Year : 2025 | Volume : 13 | Special Issue 06 | Page : 146 157
    By

    Prashant Manvi,

  • Siddalingappa P. Kodigaddi,

  • Srikanth H.V.,

  • Rachitha A,

  • Aswin Sidharth M.,

  • Ullas Gowda A.,

  1. Assistant Professor, Department of Aeronautical Engineering, Nitte Meenakshi Institute of Technology (NMIT), Bengaluru, Karnataka, India
  2. Assistant Professor, Department of Aeronautical Engineering, Nitte Meenakshi Institute of Technology (NMIT), Bengaluru, Karnataka, India
  3. Professor, Department of Aeronautical Engineering, Nitte Meenakshi Institute of Technology (NMIT), Bengaluru, Karnataka, India
  4. Student, Department of Aeronautical Engineering, Nitte Meenakshi Institute of Technology (NMIT), Bengaluru, Karnataka, India
  5. Student, Department of Aeronautical Engineering, Nitte Meenakshi Institute of Technology (NMIT), Bengaluru, Karnataka, India
  6. Student, Department of Aeronautical Engineering, Nitte Meenakshi Institute of Technology (NMIT), Bengaluru, Karnataka, India

Abstract

This study investigates the mechanical performance of aramid fiber-reinforced epoxy composites enhanced with varying weight percentages of tungsten carbide (WC) powder as a secondary reinforcement.
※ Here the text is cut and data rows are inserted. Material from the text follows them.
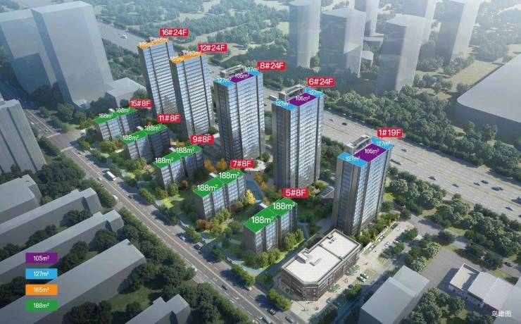 · 户型建面:约105㎡、127㎡、165㎡、188㎡
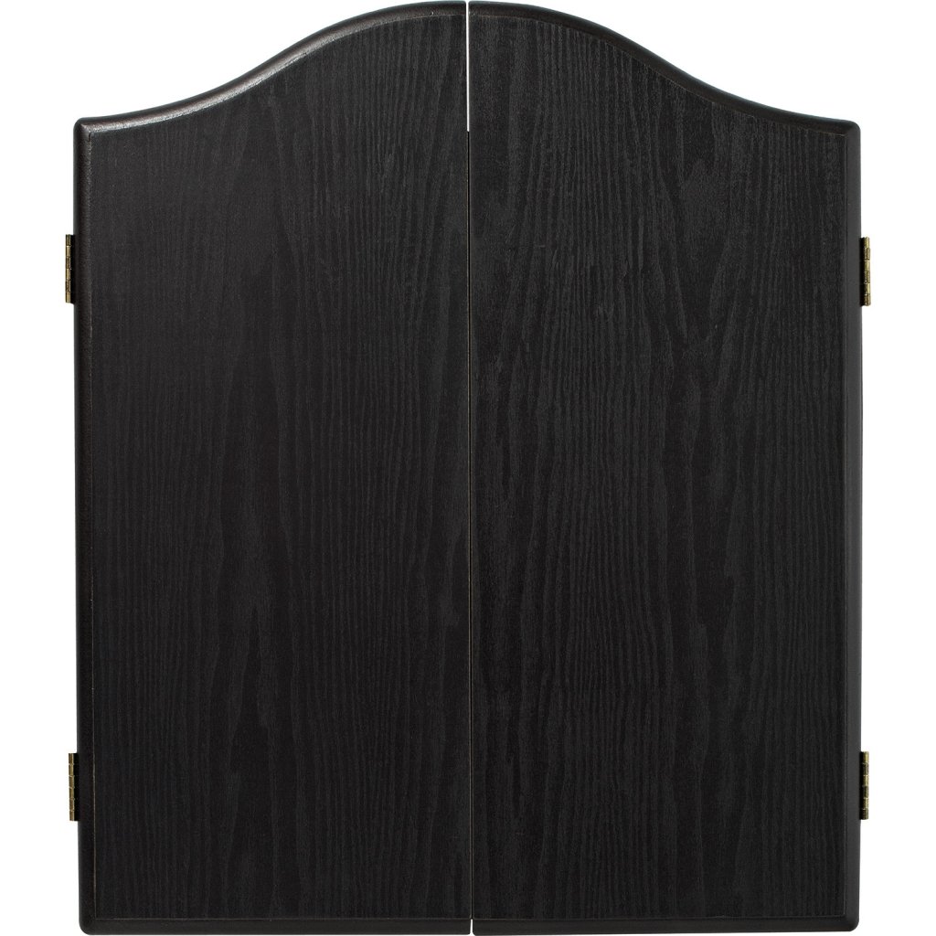 Kvalitní odýhovaná černá skříňka s terčem Winmau Diamond Plus, odhodovou čárou a dvěma sety šipek.
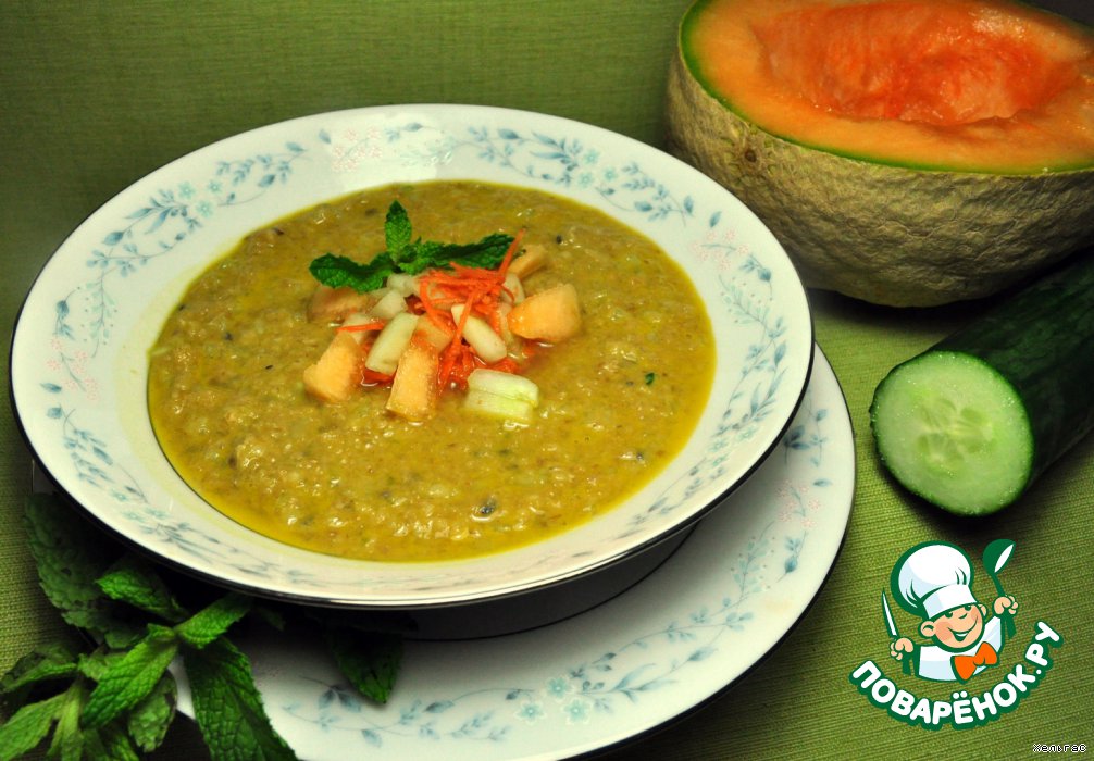 | Супчик с огурцом и дыней прекрасно подходит для диет. Цвета несут воспоминания о лете. |
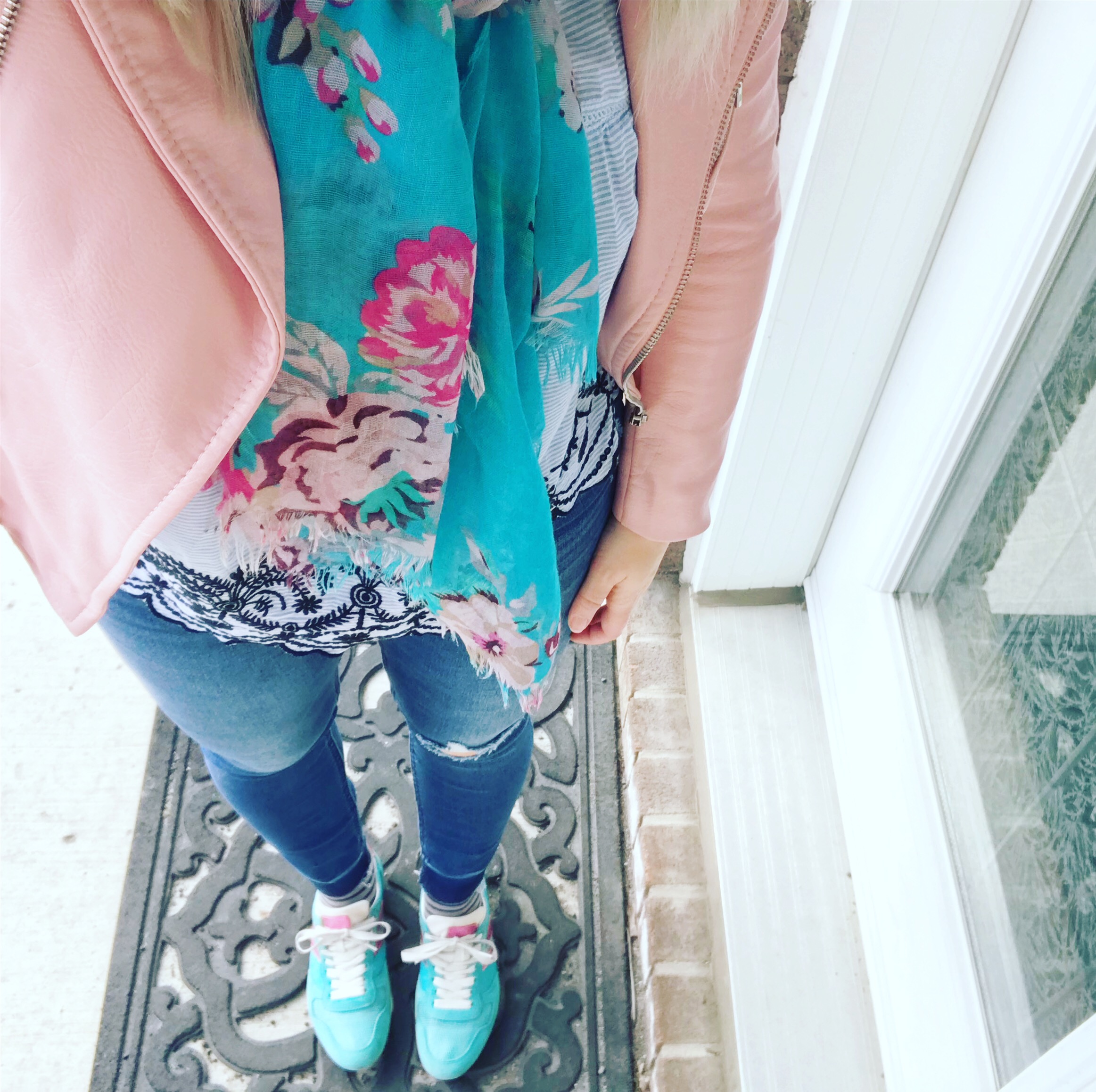 On Saturday, it was a bit chilly but sunny so I opted for a mix of blue & pink… which is probably my favourite combo ever for Spring!
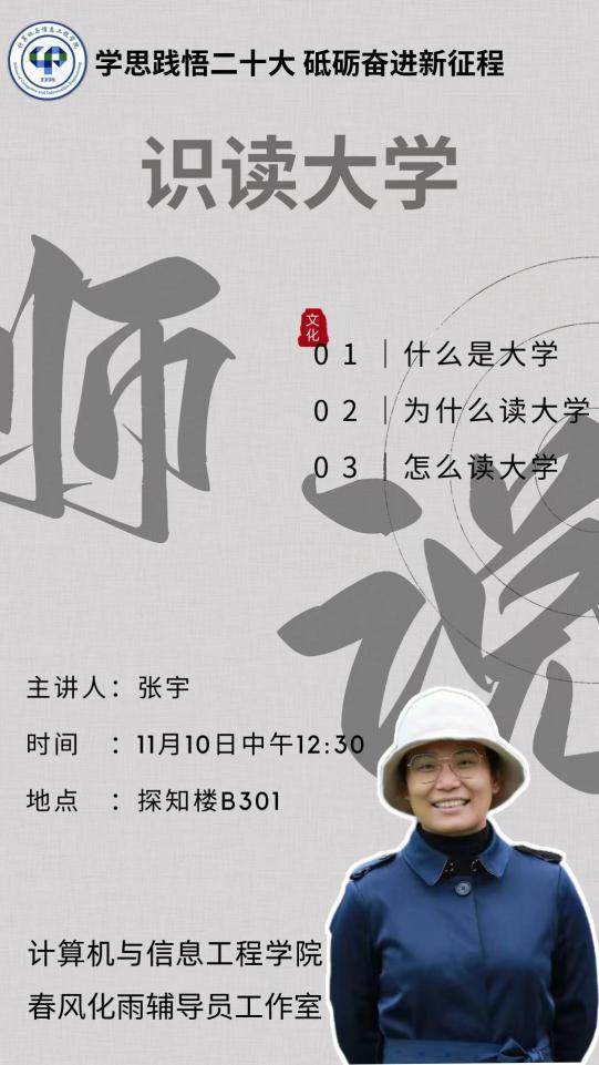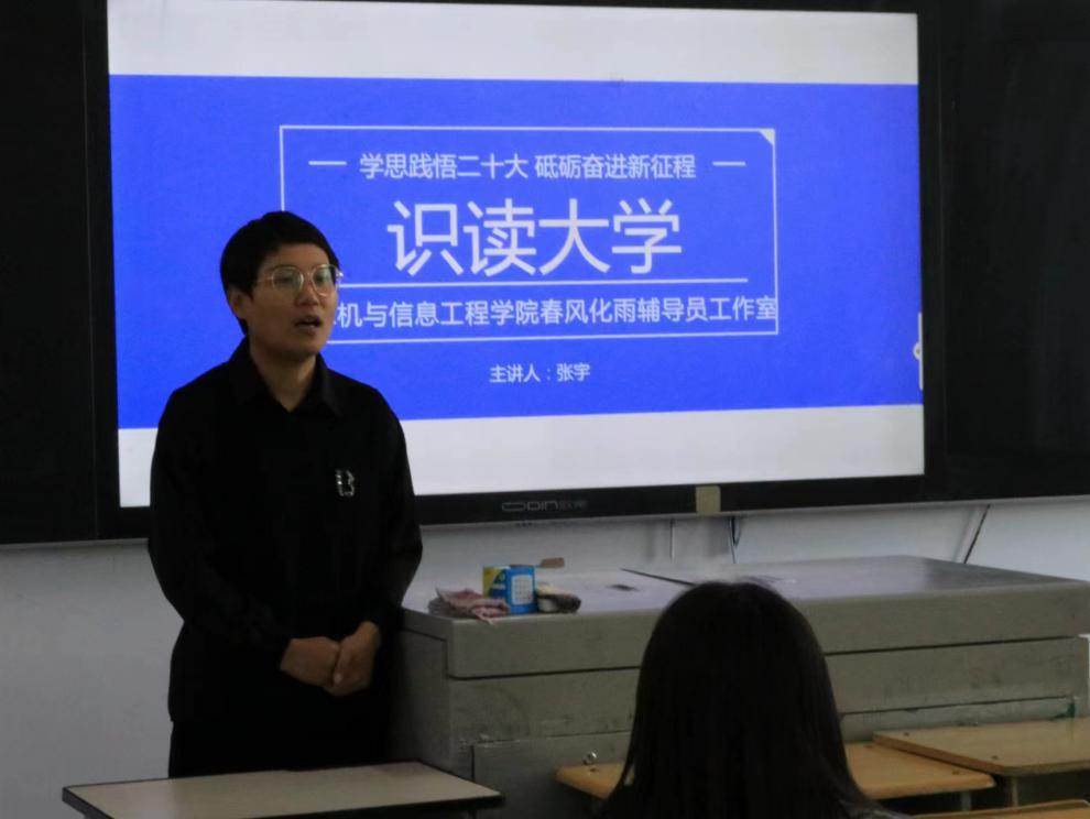 为常态化做好学思践悟二十大学习教育活动,更好地发挥辅导员工作室育人作用,11月10日中午12点半在探知楼B301教室,计算机与信息工程学院春风化雨辅导员工作室举办“师说”专题讲座活动,本次讲座主题为识读大学,由工作室主持人张宇老师主讲,40名2023级学生参加。
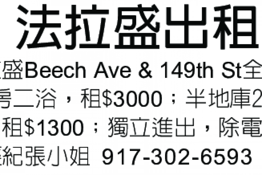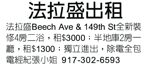 法拉盛Beech Ave & 149th St 全新裝修四房二浴,租3000;半地庫二房一廳,租1300;獨立進出,除電全包,電經紀張:917-302-6593
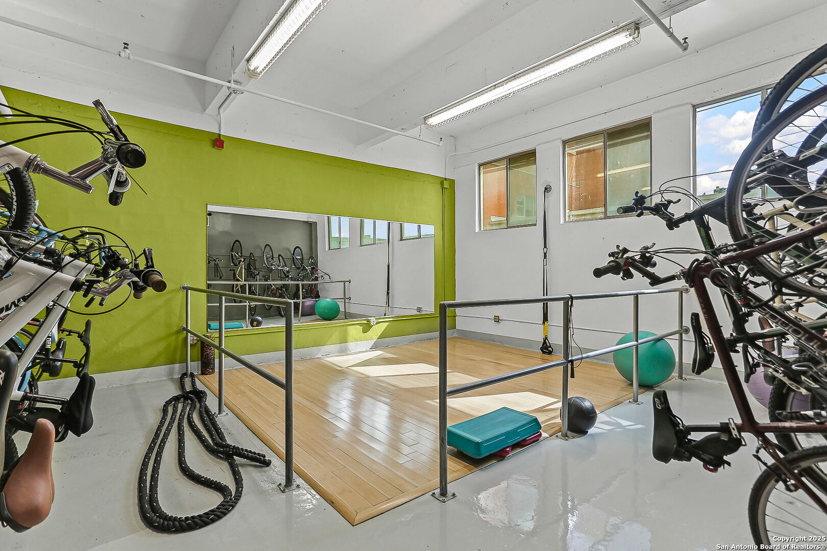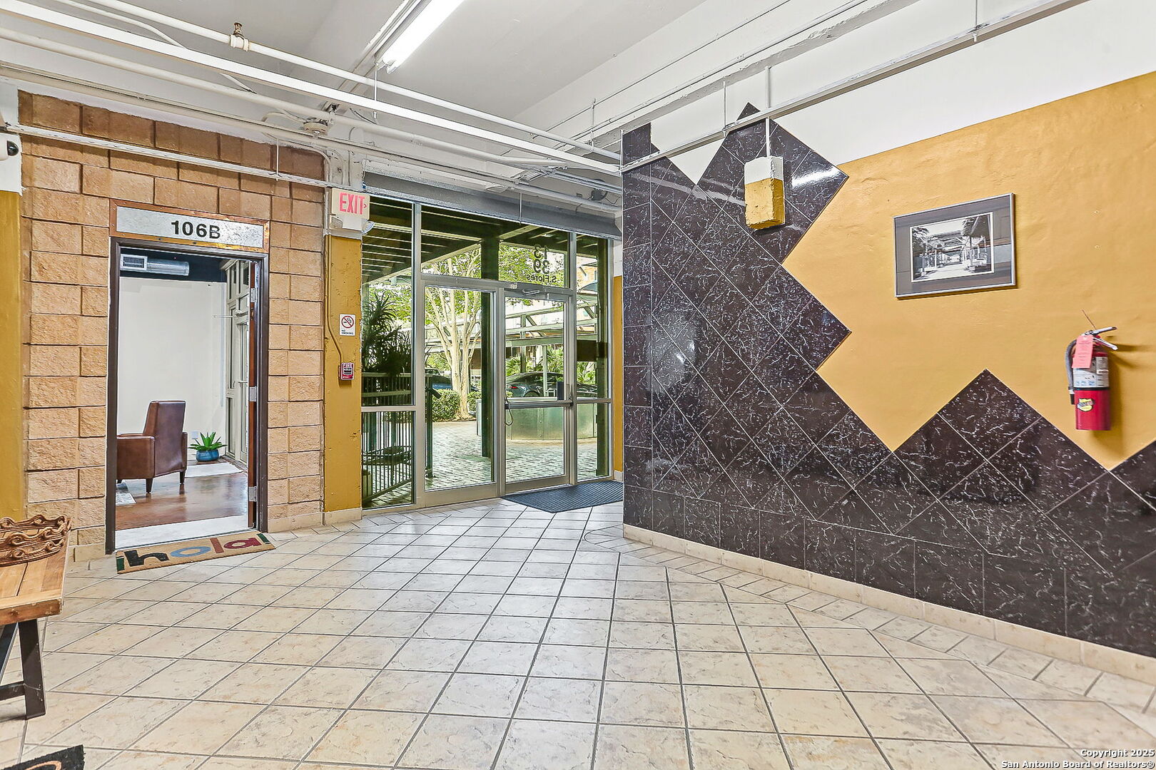 Located in the South End Lofts Condominiums, this first-floor unit offers true Southtown living. Designed with an industrial aesthetic, the space features modern finishes, stainless steel appliances, granite countertops, exposed brick accent walls, and stained concrete floors. Two tandem parking spaces are included. The primary bedroom features high ceilings, large windows that fill the space with natural light, and a walk-in closet. The ensuite bathroom offers a spa-like experience with double vanities, a jetted soaking tub, a separate walk-in shower, and beautifully updated modern mirrors. A private covered, fenced patio just off the living space (which has extra privacy film installed) overlooks a serene courtyard with a beautiful fountain, perfect for quiet mornings or evening relaxation. HOA dues cover water, trash, sewer, pest control, and building management. The community provides 24-hour surveillance and controlled access for added peace of mind. Amenities include a rooftop deck offering panoramic views of the San Antonio skyline, where you can take in city lights and downtown landmarks. A pool with a BBQ area adds to the communal space for entertaining, while the fitness center and small pet park provide convenience for everyday living. Enjoy walkable, connected urban living in the heart of one of San Antonio's most vibrant and artistic districts. Southtown is known for its eclectic mix of historic charm and modern energy, with an array of local restaurants, bars, coffee shops, galleries, and cultural venues all just steps away. Whether you're exploring First Friday art walks, dining at chef-driven eateries, or enjoying the nearby River Walk, King William Historic District, or Blue Star Arts Complex, this location blends lifestyle and location seamlessly. With close proximity to downtown, The Pearl, and major military bases, this home offers unmatched access to the best of city living.

The composites were fabricated using both the hand lay-up and vacuum bagging techniques to ensure uniform dispersion of materials and quality surface finish. Tungsten carbide particles with an average size of 4 microns were incorporated into the aramid fiber matrix at incremental concentrations of 0%, 5%, 10%, 15%, and 20% by weight. The aim was to evaluate the influence of WC loading on key mechanical properties such as tensile strength, yield load, elongation at yield, and elongation at break. Experimental results revealed a progressive enhancement in tensile properties with increasing WC content. Among all the compositions, the composite containing 20% tungsten carbide demonstrated the highest mechanical performance, exhibiting a peak tensile strength of 359.68 N/mm² and a peak load of 22.48 kN, surpassing all other formulations. This optimized performance can be attributed to the effective load distribution and interfacial bonding between the aramid fibers and the hard WC particles. The composite with 15% WC displayed slightly lower tensile strength but recorded the highest elongation at break, suggesting a favorable trade-off between stiffness and ductility. The findings confirm that tungsten carbide significantly enhances the structural integrity of aramid fiber composites, with 20% WC emerging as the most effective filler ratio. These results indicate the potential of such hybrid composites for applications requiring high strength, wear resistance, and thermal stability, such as in defense and structural engineering.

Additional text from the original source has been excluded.